▸ WHAT IS NEEDED: Repeat exactly the line that contains "輕巧一體化 小米8合1螺絲起子採用專利設計和獨特的生產工藝,為使用者帶來全新體驗。它便捷、多功能且易於使用。 隱藏式彈匣" and every line after it, down to the last line of the entries below. Do not include pictures.

Collected data entries
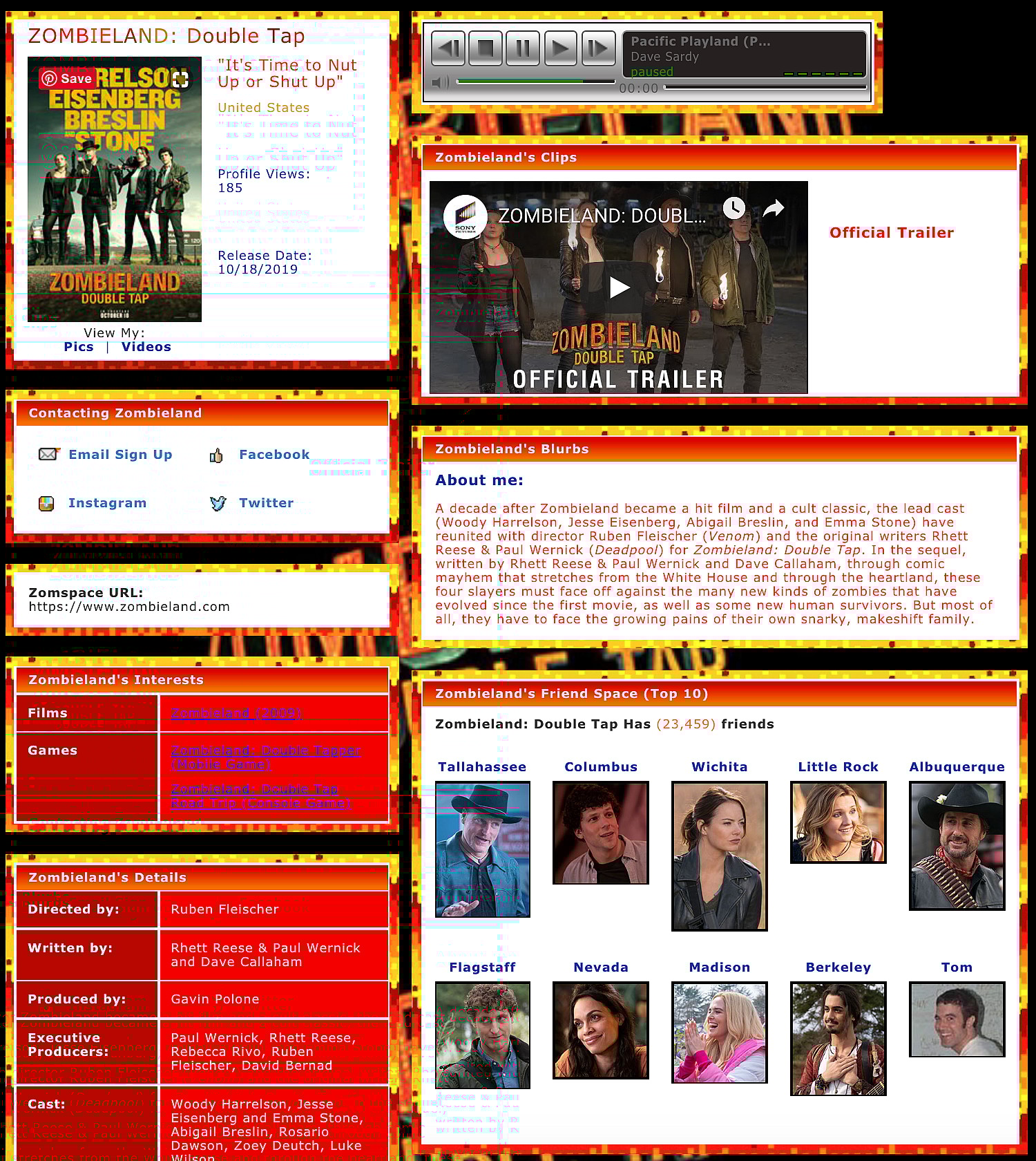 Zombieland Double Tap is coming out just over 10 years later, and in what must be a nod to the original’s debut during a somewhat different era social media-wise, Zombieland.com has become a retro Myspace profile page, complete with the Top Friends list and a goofy script that turns your mouse arrow into a “Z.”
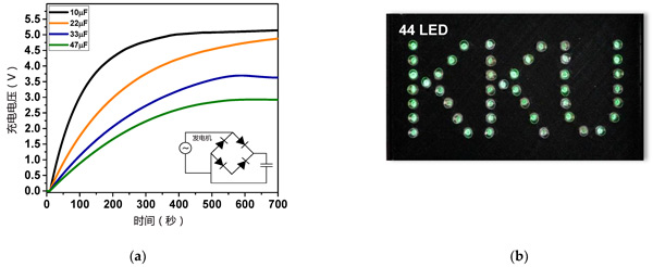 圖3:(a)由活性炭制造的摩擦納米發(fā)電機(jī)產(chǎn)生的電力充電的電容器的充電電壓曲線(b)發(fā)電機(jī)電輸出可瞬間點(diǎn)亮44個(gè)綠色LED。
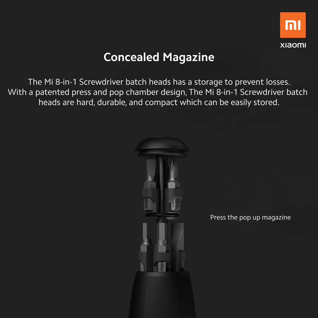 輕巧一體化 小米8合1螺絲起子採用專利設計和獨特的生產工藝,為使用者帶來全新體驗。它便捷、多功能且易於使用。 隱藏式彈匣 小米8合1螺絲起子的批頭設有收納盒,防止遺失。採用專利按壓彈出式彈匣設計,小米8合1螺絲起子的批頭堅固耐用且小巧,方便收納。
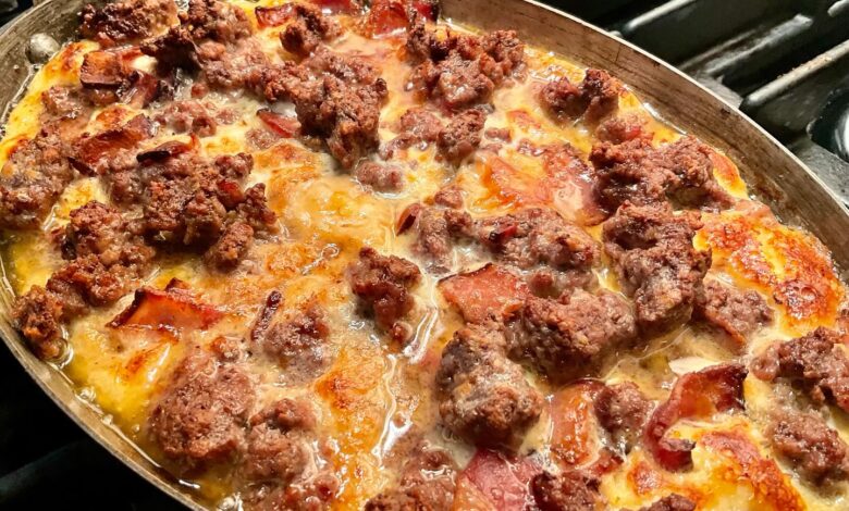 Pour the egg–cream–Parmesan mixture evenly over the cooked beef and bacon layer.
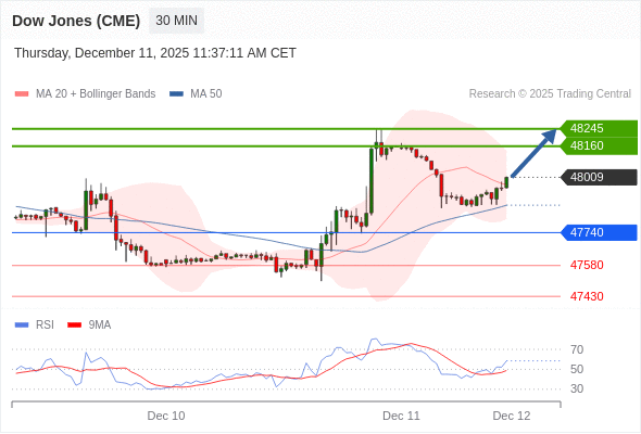 在 47740 之上,看涨,目标价位为 48160 ,然后为 48245 。

▸ ANSWER TO THE PROBLEM:
 輕巧一體化 小米8合1螺絲起子採用專利設計和獨特的生產工藝,為使用者帶來全新體驗。它便捷、多功能且易於使用。 隱藏式彈匣 小米8合1螺絲起子的批頭設有收納盒,防止遺失。採用專利按壓彈出式彈匣設計,小米8合1螺絲起子的批頭堅固耐用且小巧,方便收納。
 Pour the egg–cream–Parmesan mixture evenly over the cooked beef and bacon layer.
 在 47740 之上,看涨,目标价位为 48160 ,然后为 48245 。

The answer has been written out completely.